Бойцы устали. Не заметно было того особого воодушевления, с которым выходили в поход, а это означало: красноармейцев трудно будет поднять. Но вдруг выстрелы донеслись сперва далеко слева, потом справа. Но сначала слева. Это был Дерябин.
Заслышав стрельбу на флангах, он поднялся, закричал: «Ура!.. Вперед!» и стал, не глядя на бойцов, карабкаться наверх. Камень выскочил у него из-под ноги. Он потерял опору, упал и начал сползать вниз, но его поддержали бойцы, которые поднялись вслед за ним.
Наверху, это было видно, началась паника. Он заметил несколько человек, которые вскочили в полный рост и потом пропали из виду. По всей вероятности, их послали на фланги, как и других, невидимых им.
А он со своим отрядом продолжал карабкаться. Сверху стреляли, но уже не так плотно, зато чаще, нежели прежде, летели и катились гранаты, которыми бандиты хотели возместить слабость ружейного огня. Каждая граната, если ее замечали издали, заставляла замирать и прижиматься к земле, но остановить движение бойцов сейчас уже не могло ничто.
Обход с флангов Соловьев прозевал, приняв головной отряд и резерв Шаркова за все наличные силы. Надо полагать, Иван Николаевич и впрямь считал его уж очень молодым и неопытным.
И пока Соловьев не опомнился, нужно было добраться до террасы.

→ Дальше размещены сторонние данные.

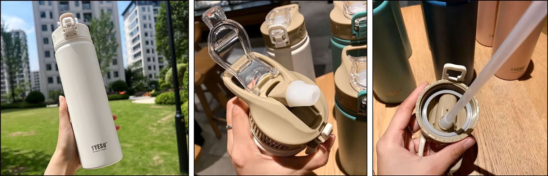Tyeso 600ML Stainless Steel Thermos Bottle With Straw filled with 500ml of diluted CDS.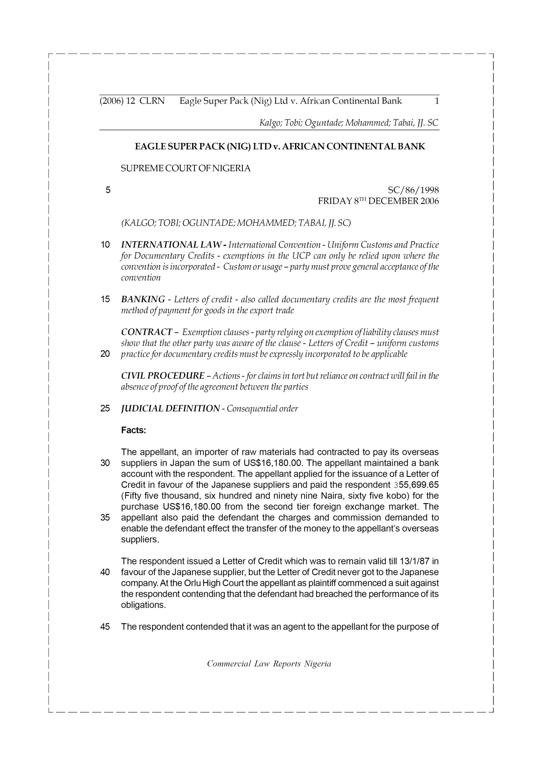 The appellant, an importer of raw materials had contracted to pay its overseas suppliers in Japan the sum of US$16,180.00. The appellant maintained a bank account with the respondent. The appellant applied for the issuance of a Letter of Credit in favour of the Japanese suppliers and paid the respondent 355,699.65 (Fifty five thousand, six hundred and ninety nine Naira, sixty five kobo) for the purchase US$16,180.00 from the second tier foreign exchange market. The appellant also paid the defendant the charges and commission demanded to enable the defendant effect the transfer of the money to the appellant’s overseas suppliers.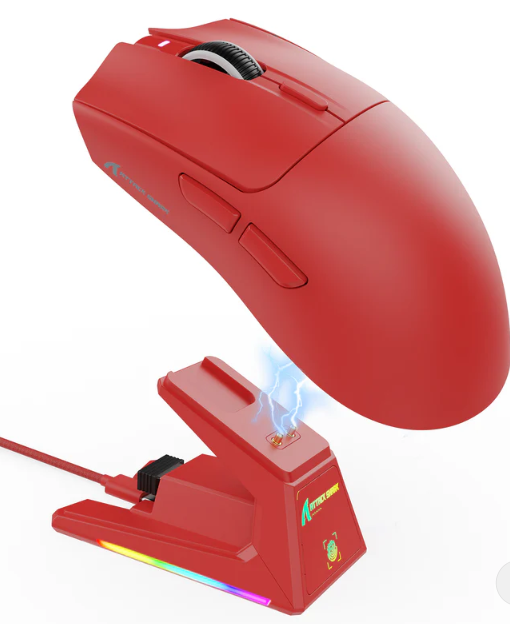 Mouse Gamer sem fio ATTACK SHARK X1 PAW-3395PRO Trimodo USB-C BT 2.4Ghz Red com Base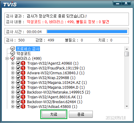 검사가 모두 끝나면 아래 [치료] 버튼이 활성화 됩니다.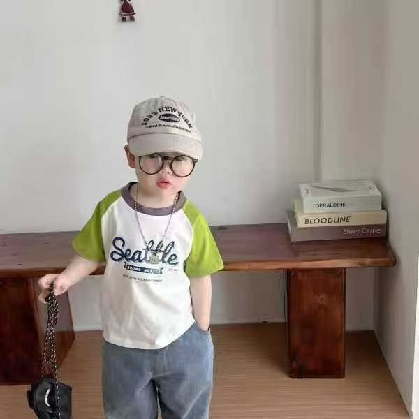 全清7.8 分货➕1 纯棉英文字母印花拼袖童装T恤 数量500件左右 尺码110...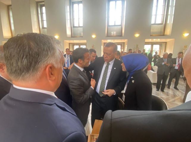 Toplantı öncesi Fransa Cumhurbaşkanı Emmanuel Macron ile sohbet eden Erdoğan, "Gel seni de Türk Birliği'ne alalım. Avrupa Avrupa nereye kadar. Avrupa her şey değil" dedi.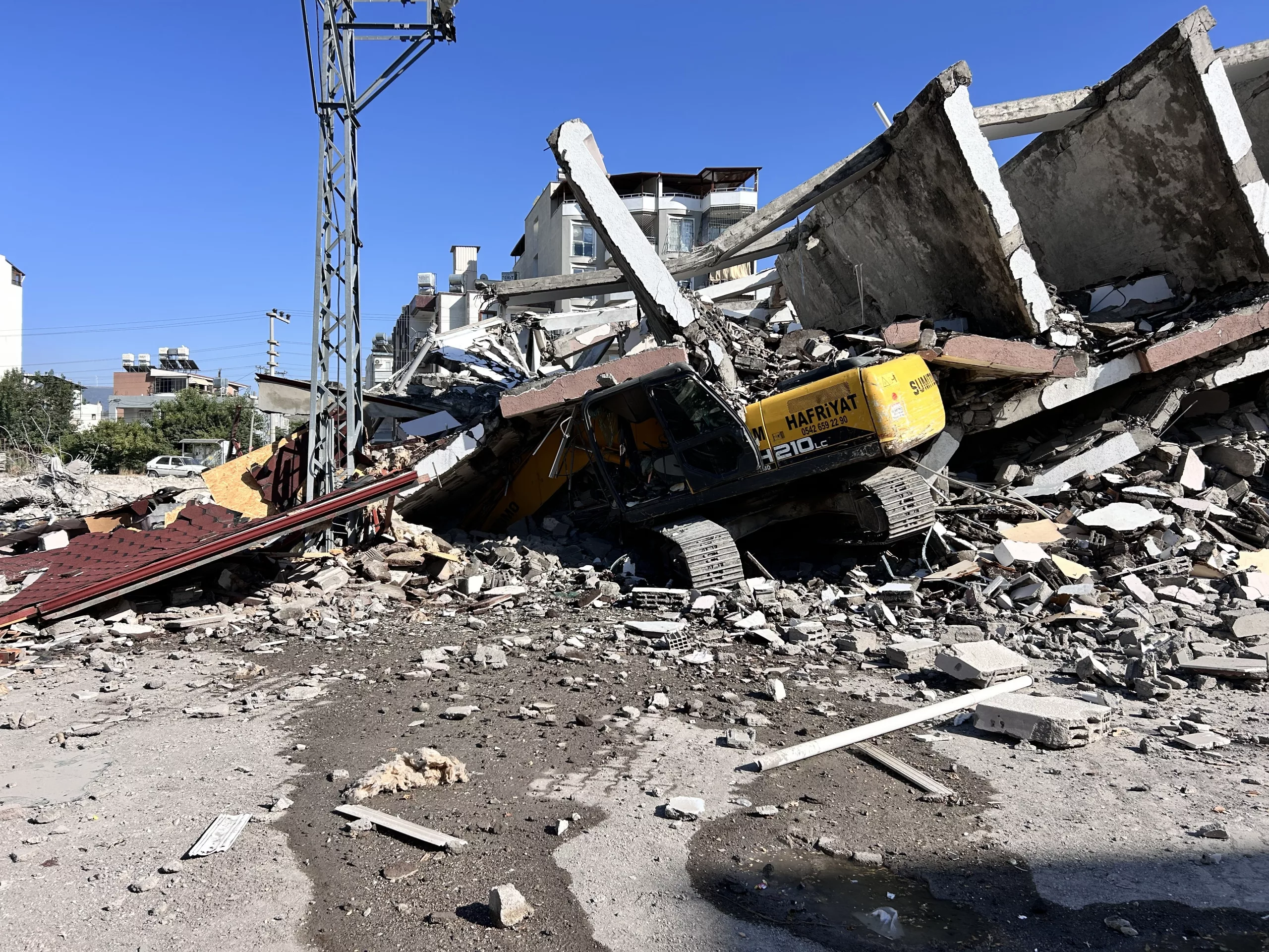 During a controlled demolition in Hatay, Türkiye, a 7-storey earthquake-damaged building collapsed onto a construction vehicle. The operator was injured and taken to hospital but is not in life-threatening condition.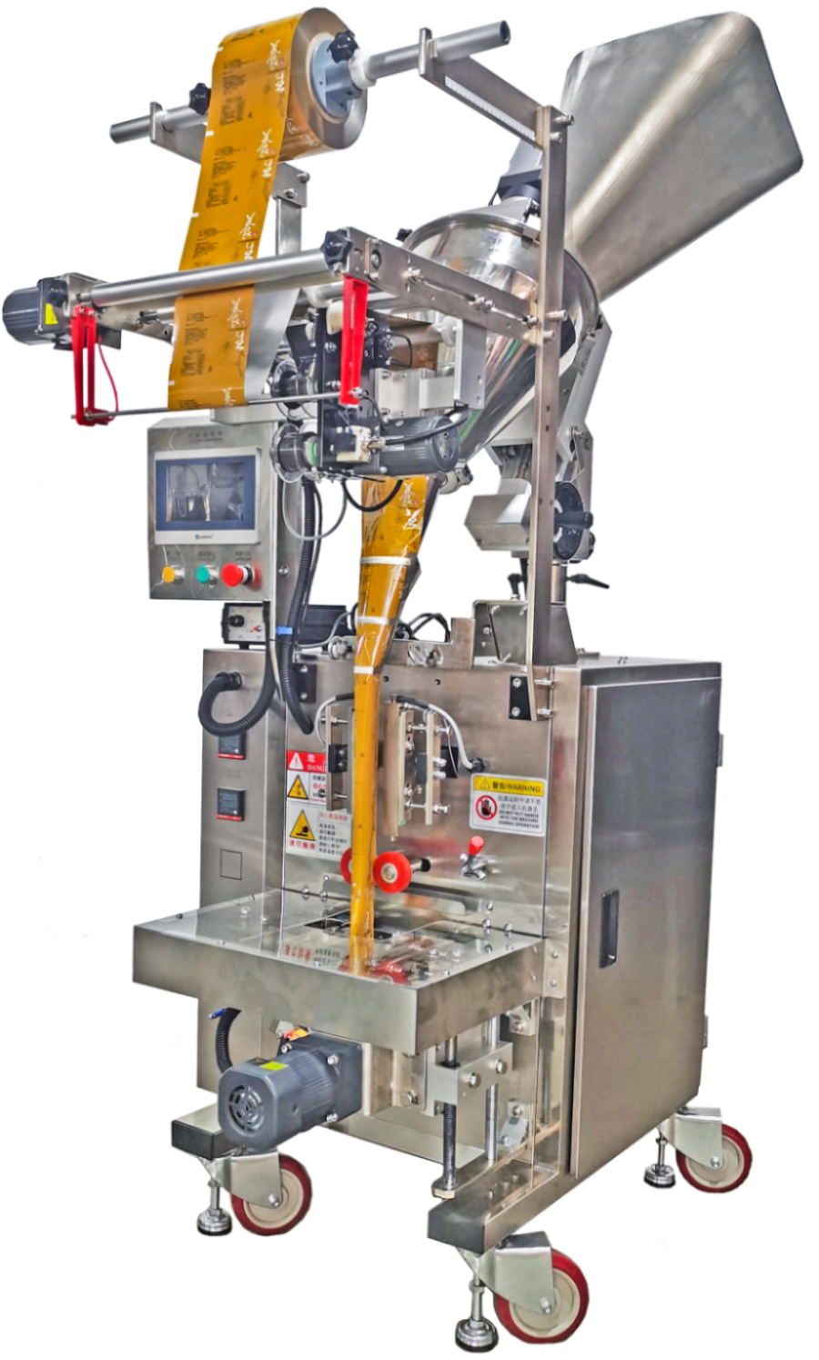 三角包茶葉包裝機可自動完成計量、制袋、填充、封合、計數、光電跟蹤、分切、充氣等動作;成品形狀呈三角形,新穎別致。本機采用變頻調速控制,確保每一系統性能穩定,操作方便,工作效率高...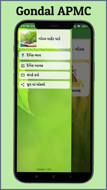 গোন্ডাল এপিএমসি - দৈনিক বাজার ভাব অ্যাপটি সৌরাষ্ট্র, গুজরাটের কৃষকদের গোন্ডাল মার্কেট ইয়ার্ডের (এপিএমসি) জানসি ও সবজির দৈনিক দাম জানতে সাহায্য করে। বিশেষত, রাজকোট, আমরেলি, জুনাগড়, পোরবন্দর, জামনগর, দ্বারকা ইত্যাদি শহর ও গ্রামের খেদুত।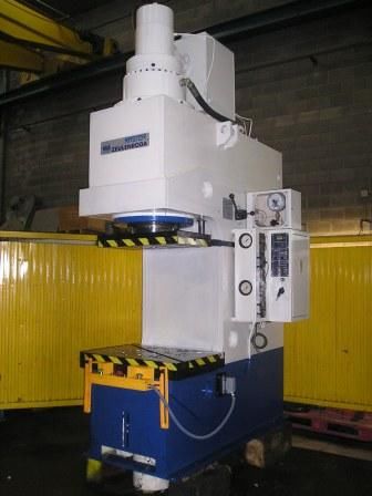 Mesa 900x640mm, recorrido 500mm, escote 350mm, luz 800mm, superficie maza 410x450mm, altura mesa 800mm, cojín de 100Tn, con sello CE, doble velocidad de avance y retroceso. Motor 25Hp. Dimensiones 1,40 x 2,10 x 3,6 m. Peso 9,6Tn
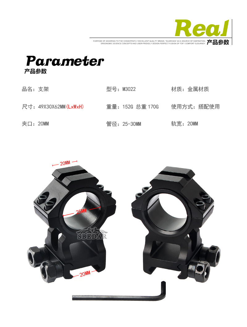 30/25mm管徑雙訂瞄準鏡支架 20mm導軌瞄準器夾具M3022
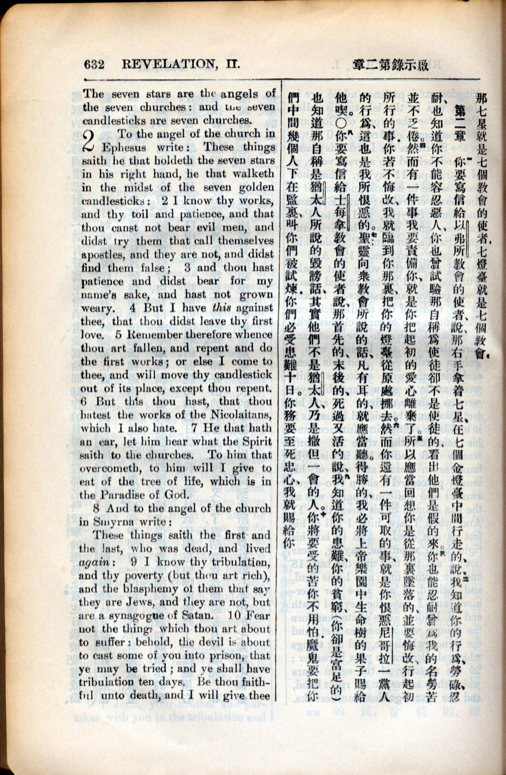 1936年新约全书 启示录 2 章 1 节到 2 章 10 节

И он снова полз, цеплялся, подтягивался, где можно, перебегал, не оглядываясь, но зная и чувствуя, что отряд так же упрямо ползет и карабкается за ним.
Метрах в пятидесяти от лиственницы, в которой был наблюдательный пункт, он увидел за камнем мужика. По приметам выходило – Соловьев.
Соловьев выстрелил, промахнулся (пуля цокнула рядом, осыпав лицо его колкими крупинками), он пальнул в ответ и спрятался за камень. Соловьев опять ударил из винтовки – он ответил, прыгнул вперед, снова нажал спуск – маузер щелкнул… Он похолодел. Деревянная рукоятка сразу сделалась влажной.
«Ничего страшного, ничего страшного: осечка или кончилась обойма…»
Оттянул затвор – пусто. Сменил обойму, стал ждать.
Ждал выстрела. Хотя кругом продолжали стрелять: сверху вниз и снизу вверх, чувствовал: Соловьев держит на прицеле корень сосны, под которой он теперь лежал, готовый всадить в него пулю, как только он выглянет. Возможно, Соловьев его тоже узнал.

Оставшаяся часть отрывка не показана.